Task instructions
A faithful copy is required: transcribe each line below exactly, minus the pictures.

Material provided
________________________________________

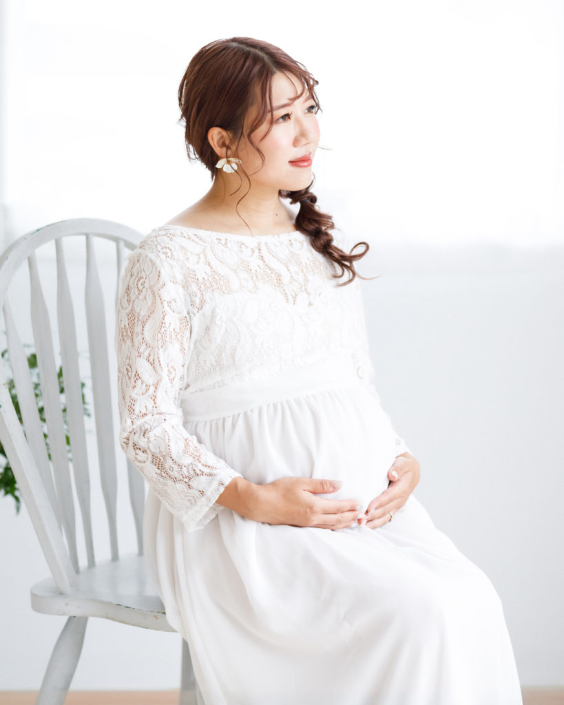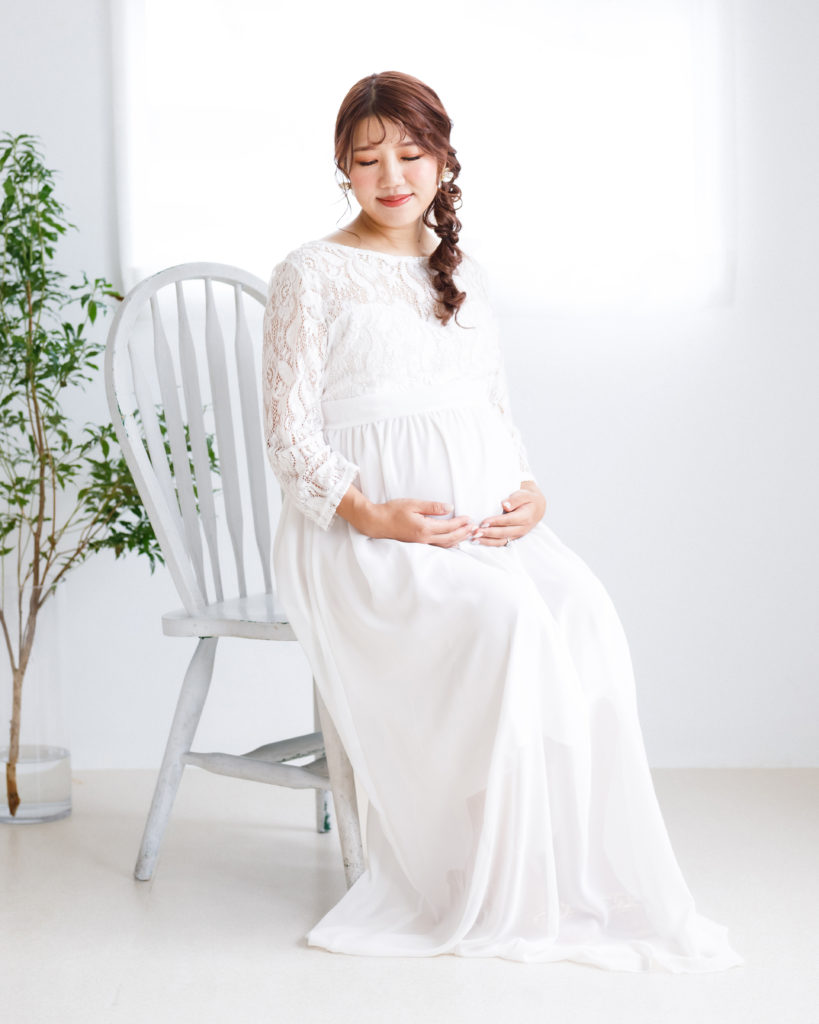 マタニティフォトの定番ドレスです。
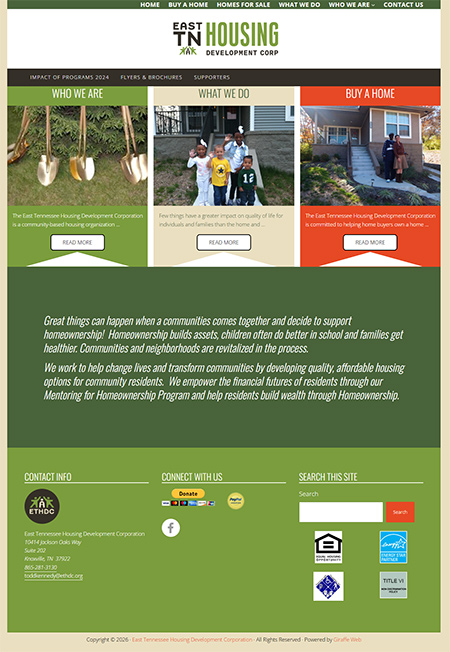 ETHDC is a community-based housing organization dedicated to expanding affordable homeownership and fostering sustainable neighborhood development throughout East Tennessee. Their mission spans affordable housing development, financial mentoring, and revitalizing communities – a commitment that deserved a digital presence as solid and personable as their work itself.
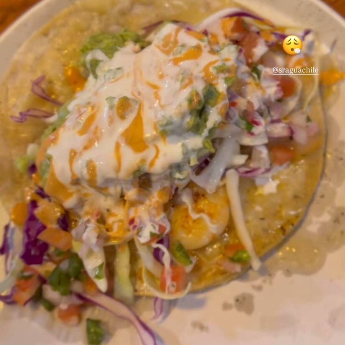 Deliciosa combinación de marlín ahumado y camarón enchilado, salteados con cebolla, servidos sobre una tortilla con queso gratinado. (Repollo, pico de gallo, crema y chipotle)
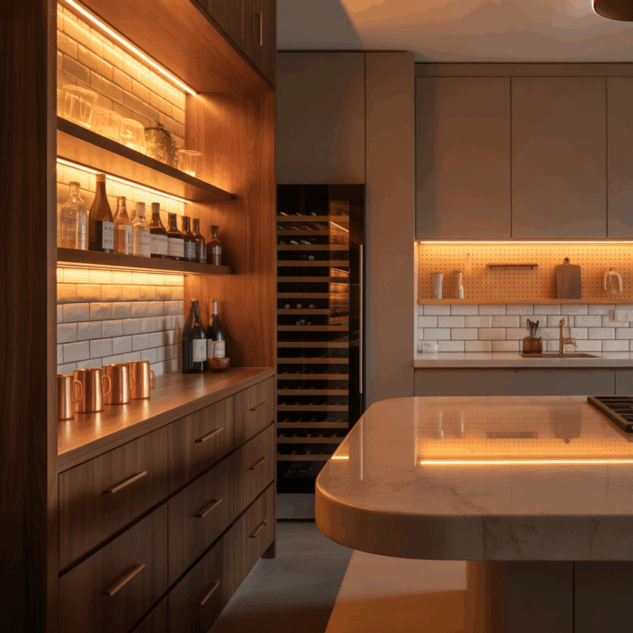 - Replace a cabinet run with a dedicated bar module featuring a wine fridge, stemware rack, and LED lighting.

________________________________________

Written response
 マタニティフォトの定番ドレスです。
 ETHDC is a community-based housing organization dedicated to expanding affordable homeownership and fostering sustainable neighborhood development throughout East Tennessee. Their mission spans affordable housing development, financial mentoring, and revitalizing communities – a commitment that deserved a digital presence as solid and personable as their work itself.
 Deliciosa combinación de marlín ahumado y camarón enchilado, salteados con cebolla, servidos sobre una tortilla con queso gratinado. (Repollo, pico de gallo, crema y chipotle)
 - Replace a cabinet run with a dedicated bar module featuring a wine fridge, stemware rack, and LED lighting.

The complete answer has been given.